The contrarian value screen
For unloved businesses that are still fundamentally sound.
- Value score: above 70
- Quality score: above 50
- Net debt / EBITDA: below 2.5x
- Market cap: above £250m, as a liquidity floor
- Sort by Reward score, descending
The quality and leverage filters do the essential work. Cheap-and-deteriorating is a value trap; cheap-and-stable is a value opportunity. Without those two conditions you will simply surface the market's genuine disasters, of which London has a steady supply.
The quality compounder screen
Businesses that reinvest at high rates of return and grind higher over years.
- Return on equity: above 15%
- Operating margin: above 12%
- Revenue growth, three year: above 8%
- Risk score: below 40
- Sort by Growth score, descending
Expect this screen to return expensive companies. That is the point. You are looking for durability and accepting that you will pay for it. Whether the growth rate justifies the multiple is a valuation question, not a screening one.
The dividend income screen
For the income portion of an ISA, where the real danger is chasing a yield straight into a cut.
- Dividend yield: between 3.5% and 8%, where the upper bound is a filter and not an oversight
- Payout ratio: below 75%
- Free cash flow: positive for three consecutive years
- Balance sheet strength: above average
A double-digit yield on a UK share is usually the market pricing in a cut rather than offering you a gift. Capping the upper bound removes most of them before they waste your afternoon.
The momentum screen
For shorter timeframes, where you are acting on relative strength.
- Momentum score: above 80
- Price above both the 50-day and 200-day moving averages
- Average daily volume: above 500,000 shares
- Market cap: above £100m
The volume filter is non-negotiable on the UK market, and doubly so on AIM, which is full of names carrying spreads wide enough to eat a week's gain on entry. If you cannot exit a position inside a single day's normal volume, it does not belong on a momentum shortlist no matter how good the chart looks.
How Openbook screens the UK market
The screener covers the LSE and AIM alongside international markets, with the pricing conventions handled properly, so a 245p share is treated as 245p. The same factor framework is applied to every company, which means the score you see on the screener is the identical score you see on the stock page.
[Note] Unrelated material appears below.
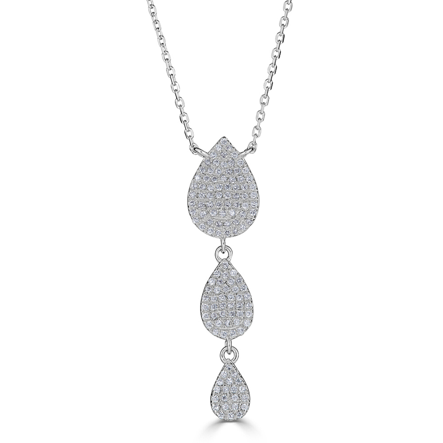 14K White Gold 0.30 ctw Natural DIamonds Pear Necklace - 16-18" Adjustable Chain
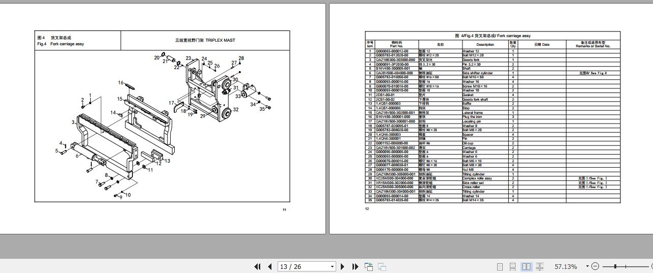 Hangcha Forklift 1.5t1.8t Mast Parts Catalog

Nothing switches frameworks between the two.
From a shortlist, the sequence that works is to read the score drivers rather than the score, check the risk rating for the reason behind it, compare the survivors side by side, and only then go deep on the two or three names that are left. A brilliant idea that takes your financials weighting to 45% is not a brilliant idea, which is what the portfolio tracker is for.
If you want the wider landscape first, our stock analysis guide covers what to do with a company once the screener has handed it to you.
The bottom line
The point of screening the UK market is not to find the answer. It is to eliminate the seventeen hundred companies that were never going to be the answer, so your limited research time goes somewhere useful. Pick three or four filters that reflect what you actually believe, apply them consistently, and handle the pence.